I don't expect enlightenment at every turn as a parent, a graduate student, a spouse or a friend.  But I do want peace.  I have to provide fertile ground for the enlightenment and wisdom to grow.  And for me, that fertile ground is peace.  Lots and lots of peace.

Perhaps due to my brain chemistry, perhaps due to my dysfunctional childhood, perhaps due to just being a mom of two little kids, I crave quiet calm moments.  I am realizing I need to cultivate more of these in my days and in my weeks, even if it means limiting activities and changing the way I currently do things.

I don't know if my epilepsy was telling me that I have too much on my plate, or that my three glasses of wine the night before was too much, but it seems to be telling me something...and that something it seems to be telling me is something that when I am truly honest with myself is something that I know I need.

I need to unplug.  I need to find peace.  I need to be present.  I need to get rest.  I need to let go of my to do list, even if it means letting people down from time to time.  There are worse things, despite what my gut tells me.

So I wouldn't necessarily say that I am thankful for my epilepsy at this moment, but I am trying to hear what it is telling me, maybe if I listen I could be even better for it.
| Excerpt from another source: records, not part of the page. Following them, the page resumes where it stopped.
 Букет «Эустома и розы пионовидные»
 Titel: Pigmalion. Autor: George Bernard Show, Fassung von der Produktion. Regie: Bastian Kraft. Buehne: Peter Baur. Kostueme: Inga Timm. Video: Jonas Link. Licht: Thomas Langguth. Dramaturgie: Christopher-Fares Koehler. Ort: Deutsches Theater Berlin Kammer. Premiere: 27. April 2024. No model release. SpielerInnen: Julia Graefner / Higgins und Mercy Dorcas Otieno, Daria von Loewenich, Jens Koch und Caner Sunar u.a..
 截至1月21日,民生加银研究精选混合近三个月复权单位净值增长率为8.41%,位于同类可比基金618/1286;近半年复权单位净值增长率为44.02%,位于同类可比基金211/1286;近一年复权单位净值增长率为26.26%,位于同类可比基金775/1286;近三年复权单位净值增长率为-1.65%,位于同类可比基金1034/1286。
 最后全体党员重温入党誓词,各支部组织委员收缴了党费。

Tuesday, February 28, 2012

When the social workers call...

I warn you I am not feeling insightful today, which isn't to say that I always spout great insights, but to the extent that I am privy to them in general, they feel far from me today.

I am just having a day, a not great day, not catastrophic day, but a day where I really should be working on my seemingly endless to do list (to be accomplished in a very small amount of hours in my week), but need to take a few minutes to deal with the persistent irritation gnawing at me this morning.
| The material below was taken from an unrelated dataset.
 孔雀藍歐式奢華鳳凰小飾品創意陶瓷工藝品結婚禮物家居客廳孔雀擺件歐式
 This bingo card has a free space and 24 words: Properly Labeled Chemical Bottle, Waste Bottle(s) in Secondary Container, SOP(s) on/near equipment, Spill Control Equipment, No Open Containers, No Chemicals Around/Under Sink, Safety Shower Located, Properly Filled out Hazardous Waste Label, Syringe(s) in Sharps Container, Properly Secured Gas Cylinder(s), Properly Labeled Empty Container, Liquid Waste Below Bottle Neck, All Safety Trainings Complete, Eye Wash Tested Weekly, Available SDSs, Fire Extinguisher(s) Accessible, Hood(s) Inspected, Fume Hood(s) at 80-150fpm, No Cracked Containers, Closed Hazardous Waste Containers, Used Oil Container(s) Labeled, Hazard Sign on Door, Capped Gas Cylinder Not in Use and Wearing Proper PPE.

I swear my mother knows somehow when I am having a bad day.  Either that or I anticipate her contact and begin to have a bad day...regardless sometimes I am left with a creepy and unpleasant feeling that we are still somehow connected.  I know.  It is probably just a coincidence, but sometimes man the coincidences are uncanny.

The details of my irritating morning aside, as I'm sure we can all imagine just such a morning, I receive 2 calls from my mother in the midst of it.  They go straight to voicemail, as all calls from Massachusetts do these days.

Did I mention she is in Massachusetts?  Well, yes.  After my last post, my heartbreaking day with my mother and the homeless shelter, my mother got traveler's aid to take a one way bus to Boston.  She called up an old neighbor indicating that she was coming up for business and could she stay with him for a couple of days.  "Sure" he said.  Little did this poor guy know, she was moving in with him.

A few days later I got a call from the first hospital, Brigham and Women's.  The social worker was amazing.  Really got it.  It was a great call, at least for me.  But, of course, even when people get it, she can elude services and so, nothing came of it.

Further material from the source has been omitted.